### Instructions to follow
Start at the line with "今天下午,记者来到S1线上岸" and print every line through the end of the material below. Keep it exact and free of pictures.

### Data records

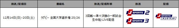 ※放送/配信内容は変更になる場合があります。詳しくはJ SPORTS総合サイト内「大学ラグビー」をご確認ください。
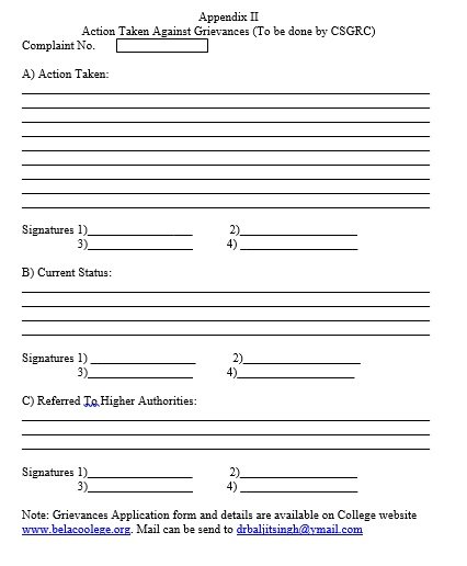 It is good to air a grievance rather than to keep it bottled up. Protection of human rights is essential for all round development of an individual’s personality. To realize the primary needs of the students and staff and secure civil liberties for everybody, a Grievance Redressal Cell already working in college since 2nd August, 2010. According to Guide lines of Government, a CSGRC has been constituted. The CSGRC is indented to find solutions for problems like Sexual harassment – any kind of physical or mental harassment, Complaints regarding class room teaching – Class room management, completion of syllabus, teaching methods etc, if and when they arise. The CSGRC convenes meetings periodically and takes steps to redress the grievance. The function of the cell is to look into the complaints lodged by any student of college and judge its merit. The Grievance Cell is also empowered to look into matters of harassment. Anyone with a genuine grievance may approach the department members in person, or in consultation with the officer in-charge Students' Grievance Cell. In case the person is unwilling to appear in self, grievances may be dropped in writing at the letterbox/ suggestion box. Grievances may also be sent through e-mail to the member/officer in-charge of Students' Grievance Cell.
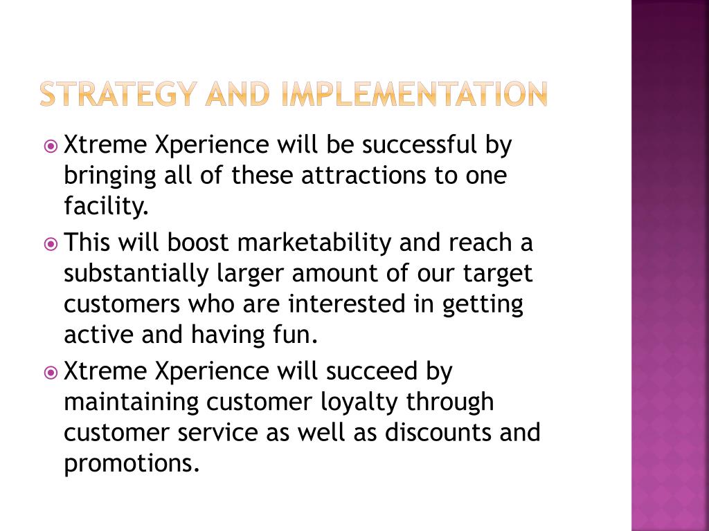 Strategy and implementation • XtremeXperience will be successful by bringing all of these attractions to one facility. • This will boost marketability and reach a substantially larger amount of our target customers who are interested in getting active and having fun. • XtremeXperience will succeed by maintaining customer loyalty through customer service as well as discounts and promotions.
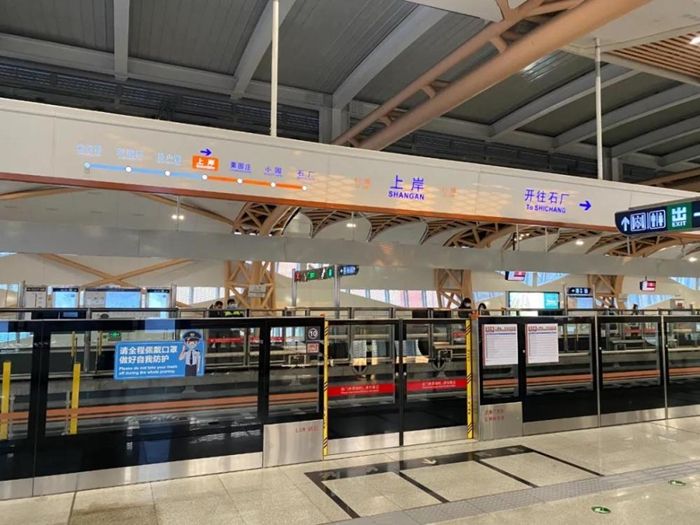 今天下午,记者来到S1线上岸站看到,尽管到了晚高峰期间,站台上等车的乘客仍旧不多。记者站在站台上等待了三趟车,每趟车进站之后,都有一两名专程前来“打卡”的同学下车。刚一下车,学生们就掏出手机,对着站台上的站名牌拍个不停。有的同学还专门走出车站,到站外的广场上与站房上“上岸站”三个大字自拍合影,也有的同学在站内拍完照,走到了对面的站台坐车直接返回。
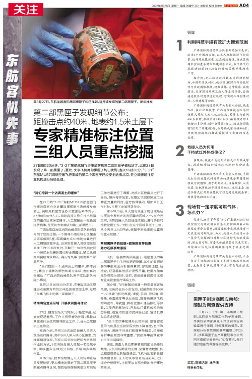 27日9时20分许,“3·21”东航航班飞行事故客机第二部黑匣子被找到了。此前23日发现了第一部黑匣子。至此,失事飞机两部黑匣子均已找到。当天16时20分,“3·21”东航MU5735航空器飞行事
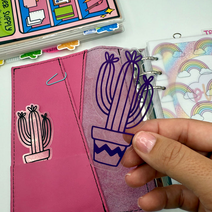 This diecut piece of thick lamination decorated with high quality adhesive vinyl is the perfect size to tuck into a planner or notebook pocket, or to clip to a page any your planner for some quick and colorful decoration.

### Expected answer
 今天下午,记者来到S1线上岸站看到,尽管到了晚高峰期间,站台上等车的乘客仍旧不多。记者站在站台上等待了三趟车,每趟车进站之后,都有一两名专程前来“打卡”的同学下车。刚一下车,学生们就掏出手机,对着站台上的站名牌拍个不停。有的同学还专门走出车站,到站外的广场上与站房上“上岸站”三个大字自拍合影,也有的同学在站内拍完照,走到了对面的站台坐车直接返回。
 27日9时20分许,“3·21”东航航班飞行事故客机第二部黑匣子被找到了。此前23日发现了第一部黑匣子。至此,失事飞机两部黑匣子均已找到。当天16时20分,“3·21”东航MU5735航空器飞行事
 This diecut piece of thick lamination decorated with high quality adhesive vinyl is the perfect size to tuck into a planner or notebook pocket, or to clip to a page any your planner for some quick and colorful decoration.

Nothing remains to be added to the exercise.